Wednesday, 13 July 2011

The time is nigh

The public transcript of the 4th July 2011 Leg Co inquiry into FT’s financial performance has now been posted on line.

In an answer in writing to a question on notice, it was disclosed that the minimum operating cash flow surplus for FT is in the order of $20 million, needed to fund necessary capital expenditure including outstanding TCFA obligations.
In 2010 the operating cash flow was $12 million negative. Bob refused to publicly disclose the cash flow deficit for 2011. He would only do it in camera. It is likely to be of similar magnitude to 2010, a far cry from what is needed.

The impact of these revelations cannot be overstated. FT is very close to insolvency.

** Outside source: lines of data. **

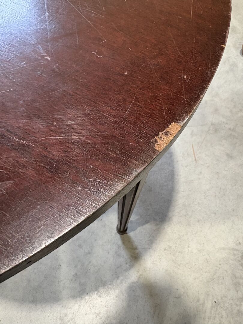 Table ronde d’appoint en bois naturel teinté reposant sur quatre pieds fuselés cannelés, les quatre pieds fixés sur glissières permettant d’ajouter une extension de plateau.
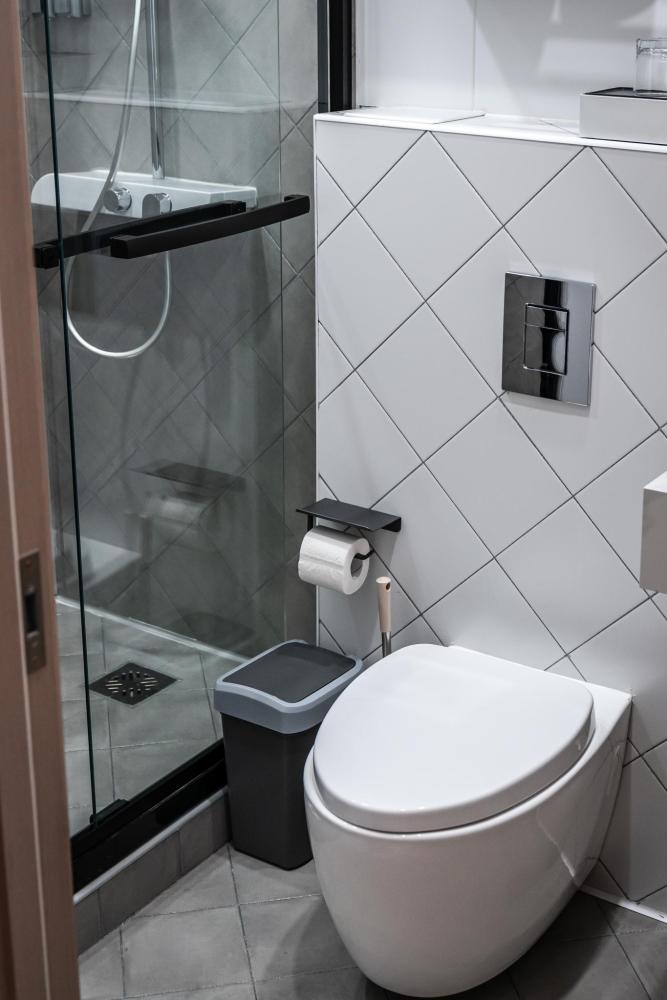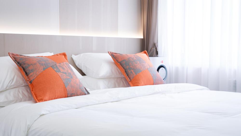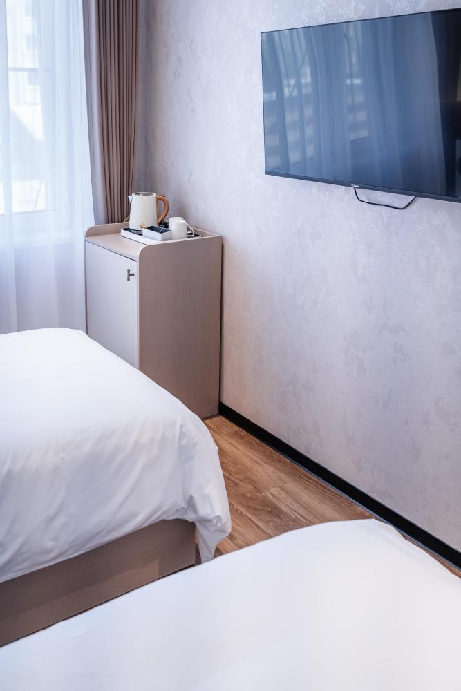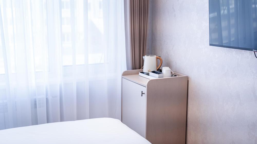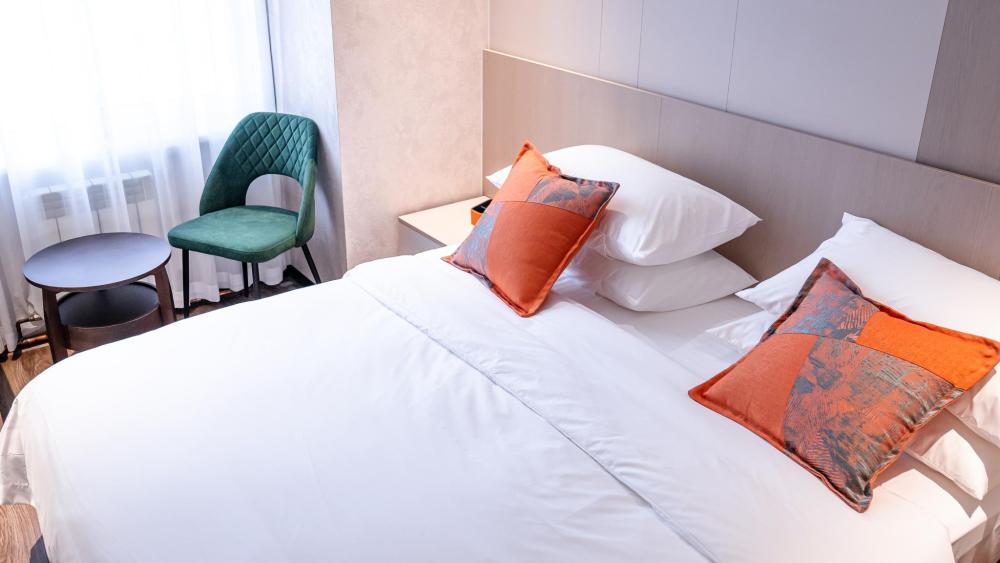 Светлый номер с двуспальной кроватью, большим окном, телевизором и собственным санузлом.
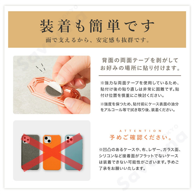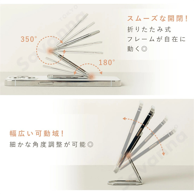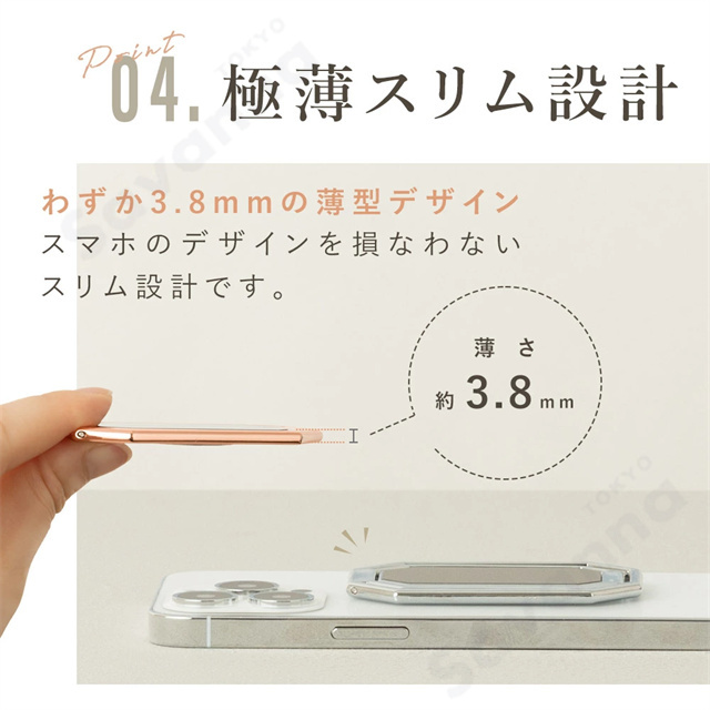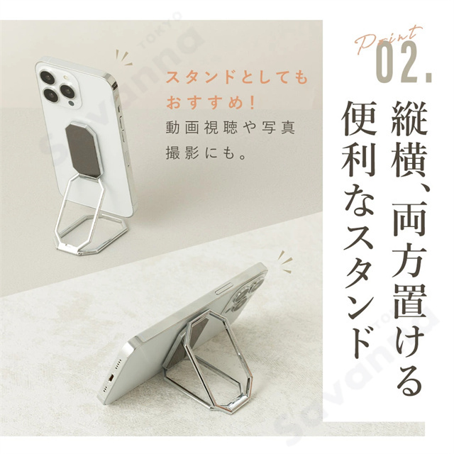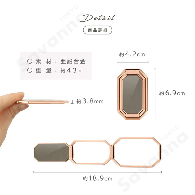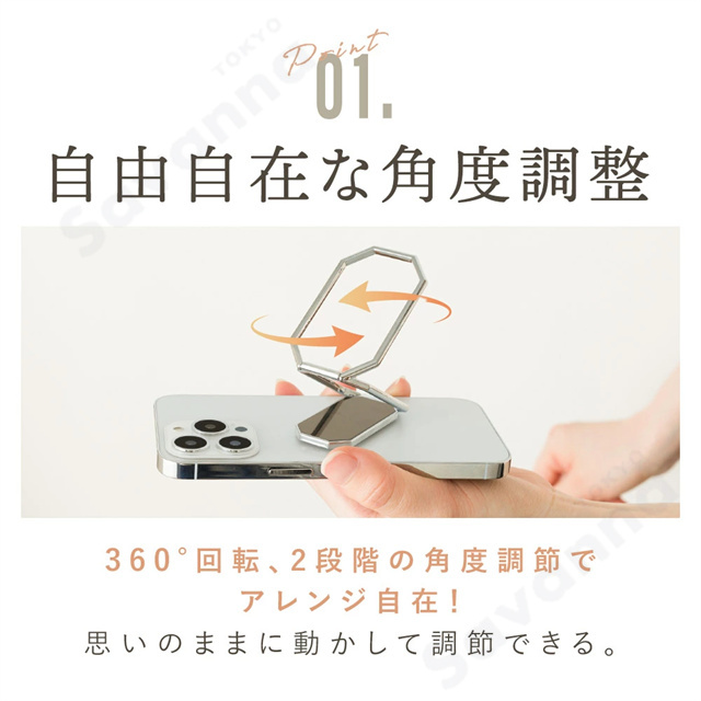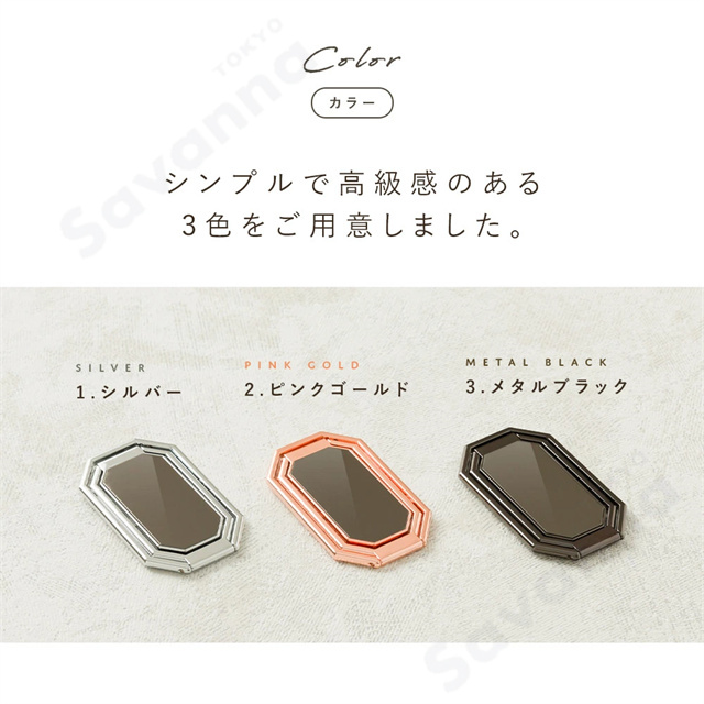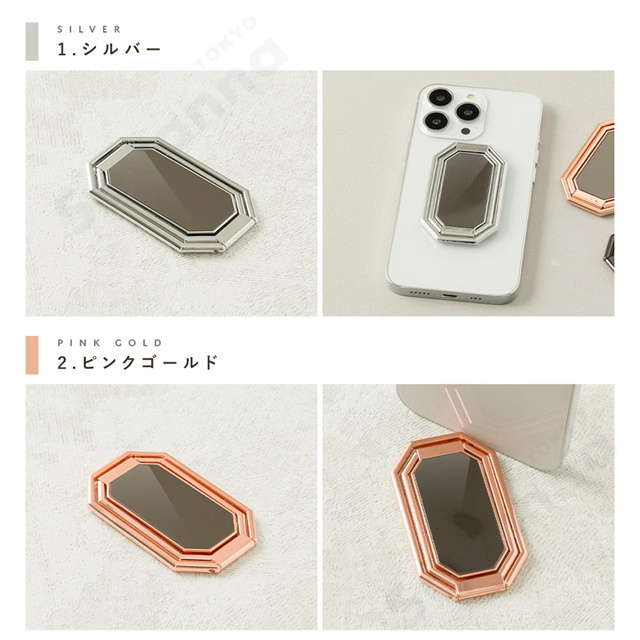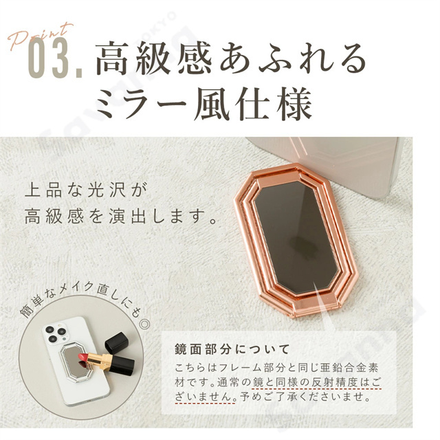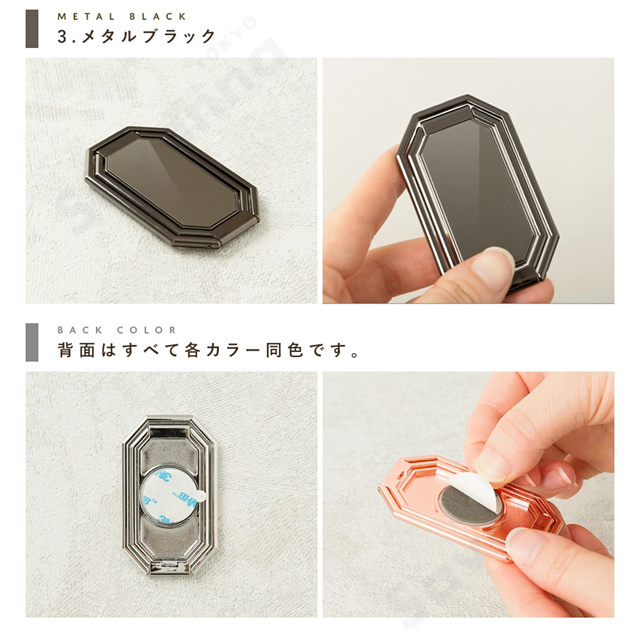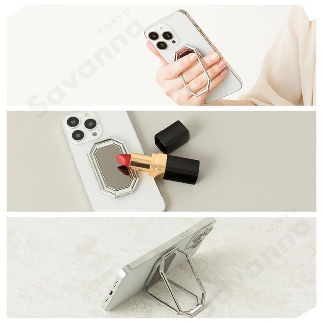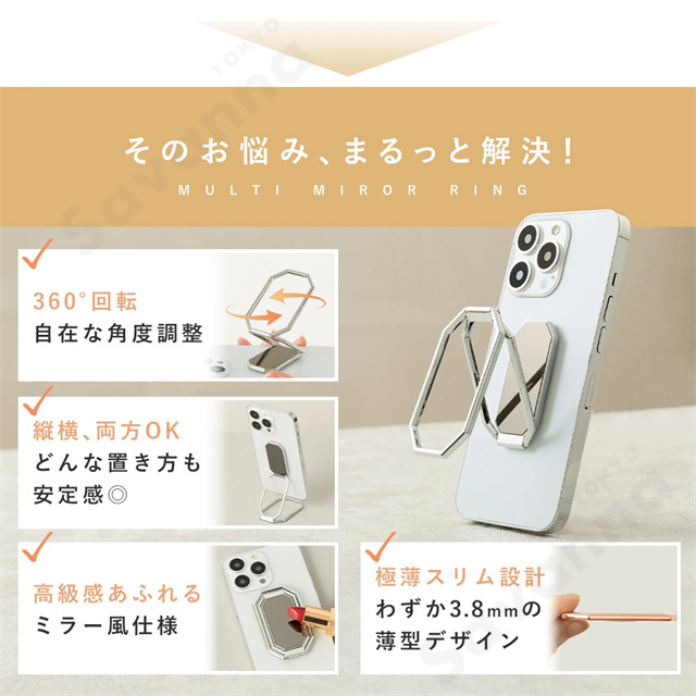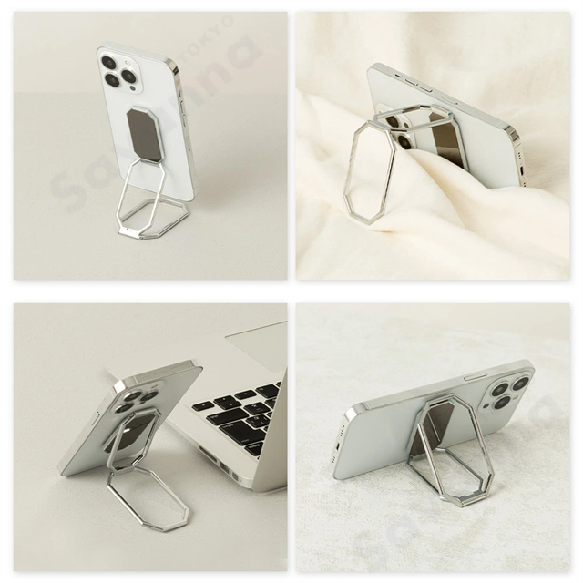 | 紹介 | 360°回転・極薄スリム設計 たて・よこ、両方置けるスタンドとしてもおすすめの多機能スマホリングです。 ・自由自在な角度調整 ・縦横、両方置ける便利なスタンド ・高級感あふれるミラー風仕様 ・極薄スリム設計 ・自由自在な角度調整 360°回転、2段階調節でアレンジ自在! 思いのままに動かして調節できます。 折りたたみ式フレームが自在に動き、幅広い可動域で細かな角度調整が可能◎ ・縦横、両方置ける便利なスタンド 動画視聴や写真撮影にもおすすめ! ・高級感あふれるミラー風仕様 簡単なメイク直しもできちゃうミラー風仕様。 上品な光沢が高級感を演出します。 ※鏡面部分について こちらはフレーム部分と同じ亜鉛合金素材です。 通常の鏡と同様の反射精度はございません。 予めご了承くださいませ。 ・極薄スリム設計 わずか3.8mmの薄型デザイン! スマホのデザインを損なわない設計です。 |
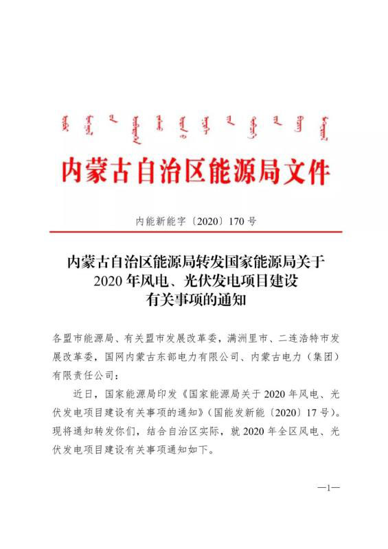 近日,國家能源局發(fā)布了《國家能源局關(guān)于2020年風(fēng)電、光伏發(fā)電項(xiàng)目建設(shè)有關(guān)事項(xiàng)的通知》(國能發(fā)新能[2020]17號(hào),以下簡稱17號(hào)文件),為抓好內(nèi)蒙古自治區(qū)2020年風(fēng)電和光伏發(fā)電行業(yè)管理,持續(xù)推動(dòng)內(nèi)蒙古自治區(qū)風(fēng)電、光伏發(fā)電科學(xué)有序健康發(fā)展,內(nèi)蒙古自治區(qū)能源局將國家能源局通知轉(zhuǎn)發(fā)各盟市,并結(jié)合自治區(qū)發(fā)展實(shí)際,提出了2020年風(fēng)電和光伏發(fā)電項(xiàng)目建設(shè)的具體要求。

Bob won’t have Hans anymore to support him. Hans has just done a Bartlett.
And then there was the disastrous confession from Bob that the value of FT’s trees had crashed ... yet again.

In Bob’s words:

“You might be aware that last year, for the first time, we underwent an external valuation ... they valued our forest estate last year at around $300 million. We got them in again this year to do a revaluation ... They have given us a valuation this year of $206 million, which is a reduction of about 31 per cent”.
I made a slightly facetious observation in my previous post, that the time will soon arrive when the unfunded superannuation liability will equal the value of the trees.

Well that time is nigh.
What is owing in regard to unfunded superannuation is barely covered by the tree value.

All FT’s equity has vanished.

Sixteen years ago FT was entrusted with the care of the State’s forests. After spending over $450 million on new assets and plantations, half of which has been provided by the Feds, the trees are only worth $206 million. Details of this magnificent achievement are being forwarded to the Guinness Book of Records.

FT might survive in the short term, but it is highly unlikely that it can service its liabilities in the medium term without major reform.